David Van den Broeck

David Van den Broeck, professeur d’arts plastiques, graphiste et plasticien, je suis née un après midi de février entre un magasin de fleurs et un parc à container. La vie se nourrit parfois de coïncidences.
Rêveur et joueur, j’aime collecter des éléments naturels ou des débris de la société de consommation que j’assemble pour réaliser des installations et des sculptures végétales.

Sorte de conglomérats organiques et chaotiques, joyeux désordre où nature et technologie
se côtoient dans d’improbables relations. Collection de silhouettes fantomatiques,
sombres vestiges d’une nature et d’une société de consommation en sursit, où le vrai et le faux, le naturel, l’artificiel se confondent et s’interpellent.

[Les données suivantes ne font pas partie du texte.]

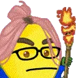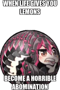 Lemons: A chibi boy with spiky hair looks startled as a chibi girl clings to his leg from behind.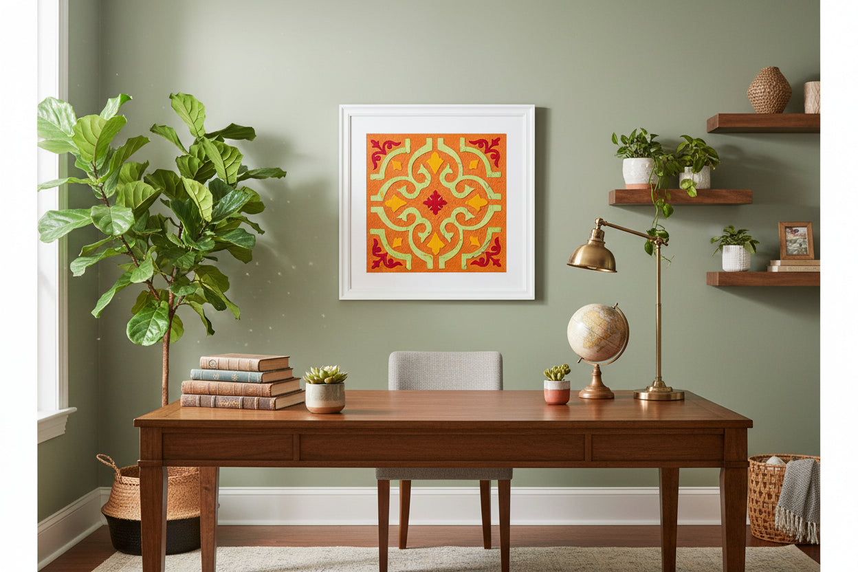 “Inspired by Mediterranean tiles and Mughal motifs, this canvas brings tradition into the now—vibrant, handcrafted, and alive.”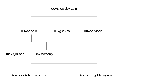 You can build on the default directory tree to add any data relevant to your directory installation. An example of a directory tree for siroe.com Corporation follows: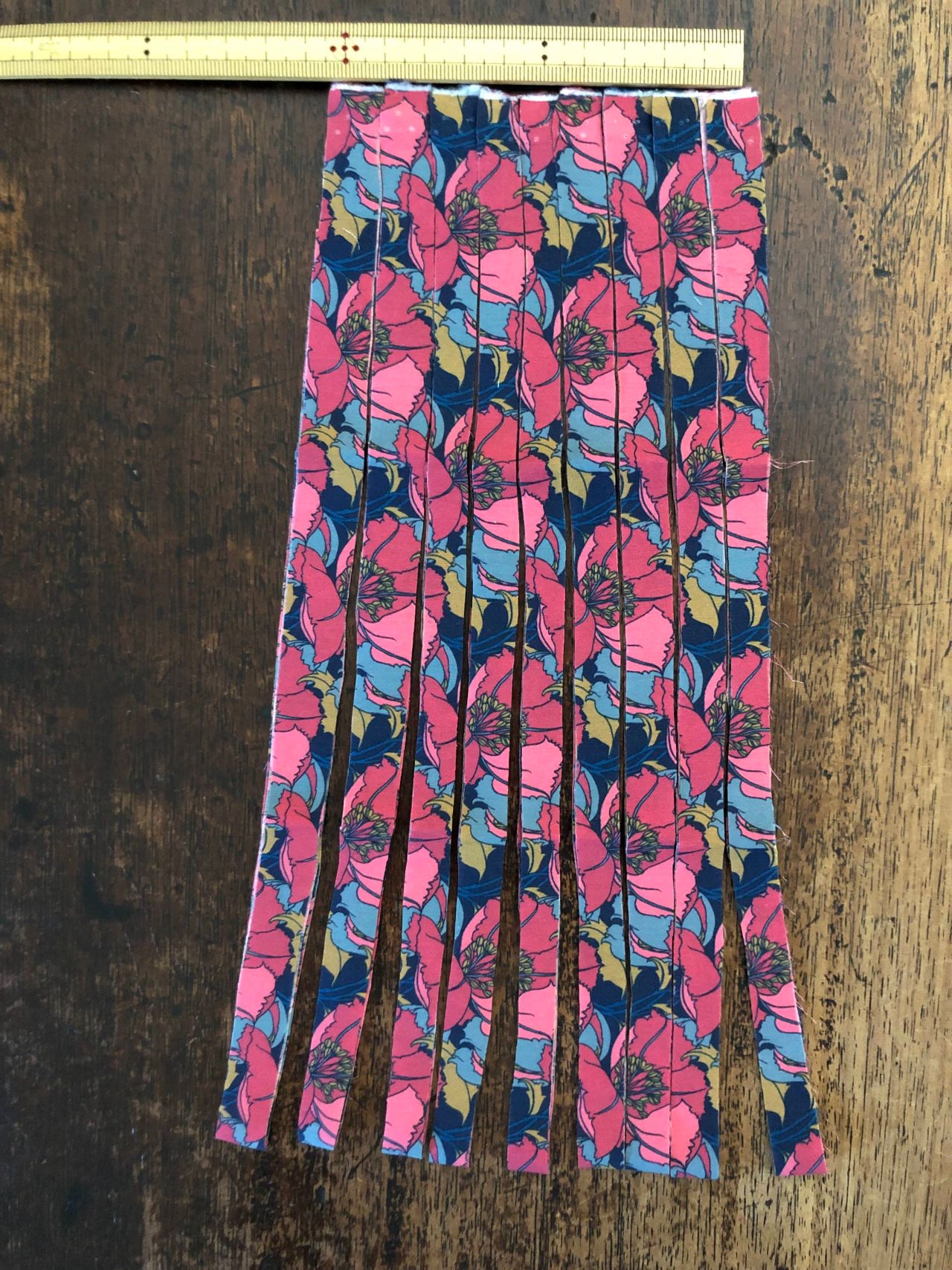 ①生地10cmを横地に1.5~2cm幅くらいに切り分けます。(長いと大変なので四つ折りくらいに折って切りました)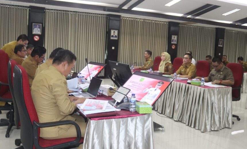 PULANG PISAU – Penjabat (Pj) Bupati Pulang Pisau (Pulpis) Hj Nunu Andriani memaparkan sejumlah capaian kinerja yang telah dilakukan, dalam kurun waktu menjabat selama tiga bulan pertama, di hadapan Tim Evaluator dari Kemendagri.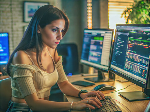 A focused Caucasian woman engrossed in coding under twilight hues, evoking National Computer Science Education Week mystique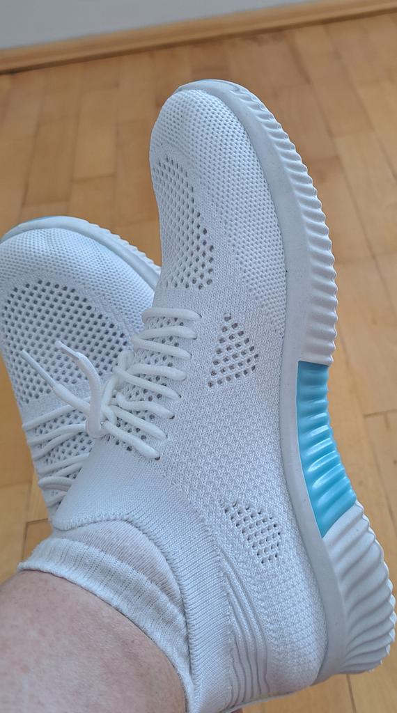 Buone scarpe da ginnastica, molto traspiranti, molto leggere. La suola è in gomma, molto morbida, la sensazione è come in pantofole.

Ma démarche se veut avant tout ludique et expérimentale. Je ne connais jamais l’aspect final
de mes sculptures. Je cultive le hasard des rencontres et l’accident visuel.
Si les formes me plaisent, elles fusionnent ou servent de point de départ à une nouvelle composition.

Jouer avec les formes et les matières est primordial pour moi. L’expérience demeure une finalité en soi. J’entretiens un contact visuel et charnel avec la matière et j’investis beaucoup
d’ énergie dans mes créations.

L’Art reste selon moi le chemin ultime de liberté. Echappatoire créative contre la norme,
l’ennui et la morosité.

Mes affinités avec le monde végétal …

La nature et les végétaux ont une place prépondérante dans mon travail, surtout les fleurs.
Je suis fasciné par la sensualité qu’elles dégagent. (formes, couleurs, parfums).

En effet, le côté fragile, délicat et éphémère de leur existence, nous renvoie avec violence
au caractère éphémère de notre propre existence et à l’équilibre instable et vacillant
de nos modèles économiques, sociaux et écologiques.